In fact, while “free” is an appealing word to many C-suite executives, it’s of prime importance that those who are just now considering implementing open source software in their organization understand that it’s the liberty that open source allows that benefits the enterprise, not necessarily the price tag. Open source allows for great freedom for how software is modified, used and shared within an organization, which can lead to greater creativity, innovation, and productivity free from licensing or functionality concerns.
Bridgwater stressed that open source must be kept “open” in order for it to provide the most benefits to an enterprise. Developers both inside and outside of the organization should all be able to participate contribute to design and development of open source projects. What this means for an enterprise is keeping the technical aspects of the open source product, the improvements and changes being made, and other contributions in the public eye, rather than hiding them or thinking of them as “proprietary.” This is one way that open source remains a thriving and vital community, but it can also go against the way C-suite executives usually think about their business and their assets.
A few more points to consider when using open source software on the corporate level:
Find ways to give back: The way enterprises “pay” for open source software isn’t necessarily in dollars. Providing user feedback on the product, contributing new code, and providing documentation updates all help support the community and keep the open source application thriving.

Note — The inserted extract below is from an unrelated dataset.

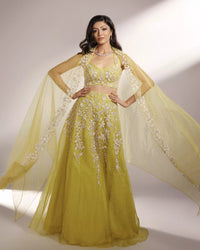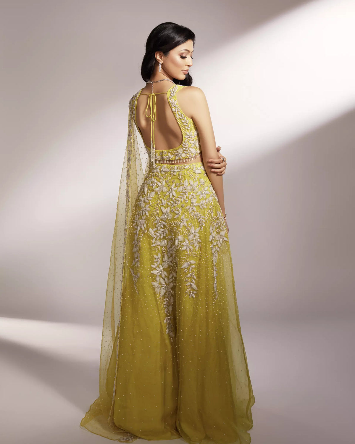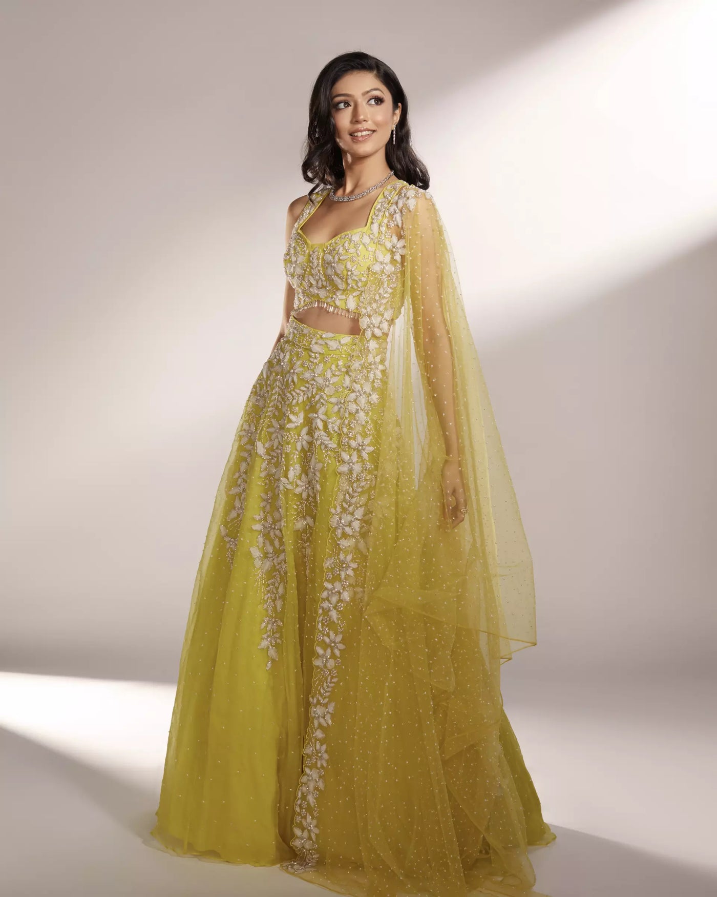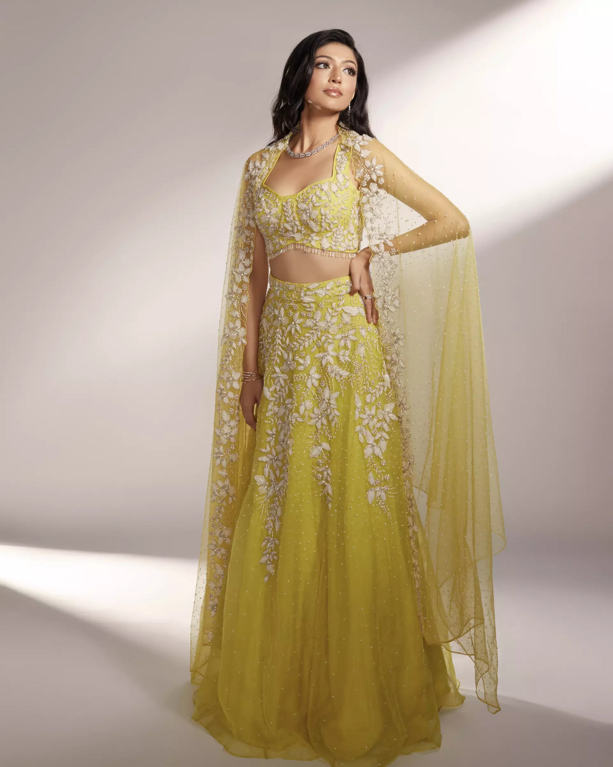FEATURING IRIS - Iris is our lime yellow lehenga, paired with a embroidered blouse and one side embroidered dupatta, embellished with organza floral details accompanied with silver glass beads and pearls.

Keep it open: Understand that the strength of open source is the community of people who collaborate on and contribute to it. Think of your organization’s contributions to open source as part of your “payment,” as well as a way to keep it truly free.
Find the freedom in the functionality: Since open source can be manipulated, changed and modified to fit a variety of unique needs and applications, it can represent a great benefit to the enterprise. However, it’s important to keep in mind that the true freedom in open source is about liberty and inclusiveness, rather than the bottom line.
Open source is changing the way that software is developed and used at every level of the organization. Embracing the meaning behind open source opens up new avenues of possibility for software use and development within the enterprise, as well as a chance to become part of a thriving and vital community. The more you give back to open source, the more you get. Open source is all about sharing, and although the price tag might be attractive, it’s not where the true freedom lies.